> [Activity]
Find the line containing "Zoomが2026年1月15日に開催するウェビナーでは、LIXIL 常務役員 CX" in the listing below; reproduce it and every line after, exactly. Skip pictures.
Segment Start: Supplied material
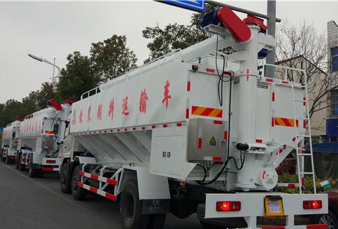 此次用戶訂購的這批散裝飼料運輸車是于農歷新年前訂購的,也是該用戶前期定購2臺液壓飼料運輸車后又再次訂購的電動絞龍散裝飼料運輸車。該車采用東風天錦小三軸系列底改裝,康明斯210馬力發動機,11.00R20鋼線胎,標準分4倉。
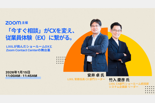Zoomが2026年1月15日に開催するウェビナーでは、LIXIL 常務役員 CX 部門 リーダーの安井卓氏、同社 CX部門 ショールーム統括部 システム企画部 リーダーの竹入慶彦氏を迎え、CXだけでなくEX(従業員体験)も同時に改善した、この取り組みの舞台裏が紹介される。
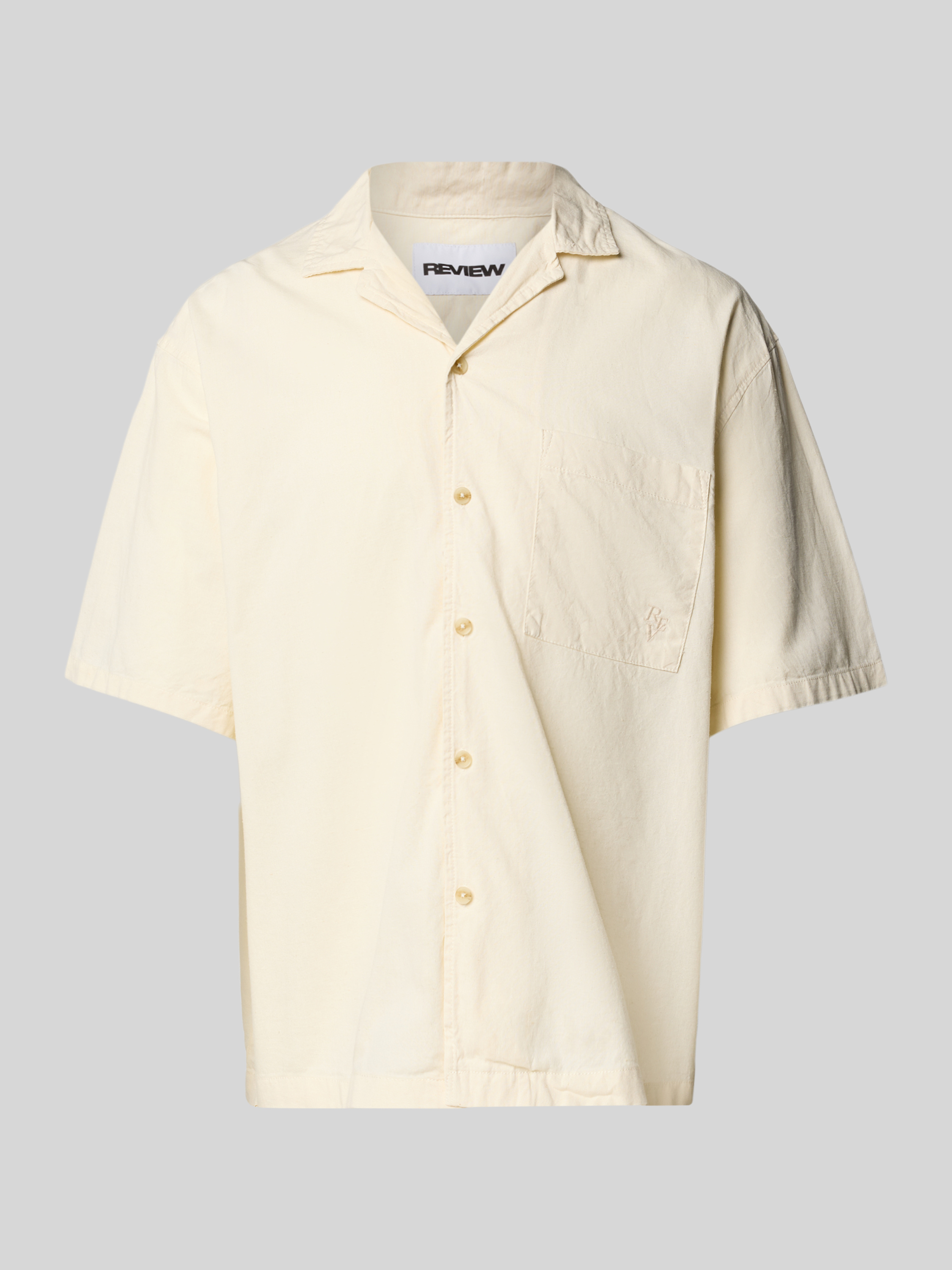 Das Herren Freizeithemd von REVIEW aus einem Baumwoll-Leinen-Mix überzeugt durch seinen legeren Loose Fit. Mit einem Reverskragen und halblangen Ärmeln eignet es sich ideal für entspannte Tage. Eine praktische Brusttasche rundet das Design funktional ab.
Segment End: Supplied material
> [Task result]
Zoomが2026年1月15日に開催するウェビナーでは、LIXIL 常務役員 CX 部門 リーダーの安井卓氏、同社 CX部門 ショールーム統括部 システム企画部 リーダーの竹入慶彦氏を迎え、CXだけでなくEX(従業員体験)も同時に改善した、この取り組みの舞台裏が紹介される。
 Das Herren Freizeithemd von REVIEW aus einem Baumwoll-Leinen-Mix überzeugt durch seinen legeren Loose Fit. Mit einem Reverskragen und halblangen Ärmeln eignet es sich ideal für entspannte Tage. Eine praktische Brusttasche rundet das Design funktional ab.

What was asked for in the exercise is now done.